Since the condition (100%-%C)>%A seems to give a positive association between %A and %B, and a situation where %C approaches zero gives a negative %A vs. %B relationship, we would expect that, somewhere in-between these extreme conditions, the positive (negative) %A vs. %B association must change to become negative (positive). We name this anticipated condition The Turning Point. We present below examples of how to obtain a turning point, i.e. a change from positive (negative) to negative (positive) %A vs. %B association.
Figure 2: An example of the relationship between percentages of two variables (out of 3), both with distribution with high numbers (1.0-7.0), and a third variable (C) with distribution among lower numbers (0.25-0.40); r=0.995, p<0.001. Regression line: %B =-0.99 (0.01)*%A+95.4(0.35)
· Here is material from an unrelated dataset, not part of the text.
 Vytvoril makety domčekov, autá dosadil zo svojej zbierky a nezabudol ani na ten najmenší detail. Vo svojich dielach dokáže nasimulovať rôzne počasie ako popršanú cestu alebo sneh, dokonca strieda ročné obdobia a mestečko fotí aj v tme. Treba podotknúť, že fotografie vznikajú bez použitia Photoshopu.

Will we obtain a Turning Point from positive to negative %A vs. %B correlation by progressively decreasing %C-values?: We first did a computer experiment in which we kept the A (B) distributions 0.10-0.15, but progressively lowered C-values (range) from a starting point of 1-10. By this alteration we obtained progressively lower %C-values, and accordingly also a progressive increase in percentages of A and B. Additionally, the correlation coefficient for the positive association between %A and %B should be increasingly attenuated as the %C–values decrease, and so did happen (not shown). It turned out that, with A (B) 0.10–0.15, and C 0.4–0.8, we obtained that the %A vs. %B correlation was still positive, r=0.444(p<0.001); %A vs. %C, r=-0.846(p<0.001); %B vs %C, r=-0.854 (p<0.001). The main %C-distribution was about 60-78%, and %A (B) 10-22%. However, keeping the same range of A (B), but lowering range of C to 0.4-0.6, we obtained that the previous positive %A vs. %B correlation had become non-significant, r=0.081 (p=0.302); %A vs. %C, r=-0.724(p<0.001); %B vs. %C, r=-0.747(p<0.001). The main %C-distribution had only a minor decrease, to 60-72%, and %A (B) had a minor increase to 12-22%. Next, we made a further small change in C-distribution, to 0.2-0.3, keeping the A (B) distributions unchanged. Now, the %A vs. %B association had turned from positive to become negative: r=- 0.261 (p=0.001); %A vs. %C, r=- 0.611(p<0.001); %B vs. %Cr=-0.605(p<0.001). The %C-distribution had fallen to 42-57%, and %A (B) had increased to 20-32%. Thus, at this level an apparently small adjustment of the C-distribution had the effect that a positive association between percentages of A and B turned to become negative, i.e. the Turning Point had been passed. We emphazise that these calculations are just some examples of how to obtain that a positive %A vs. %B association changes to become negative in response to changing distributions.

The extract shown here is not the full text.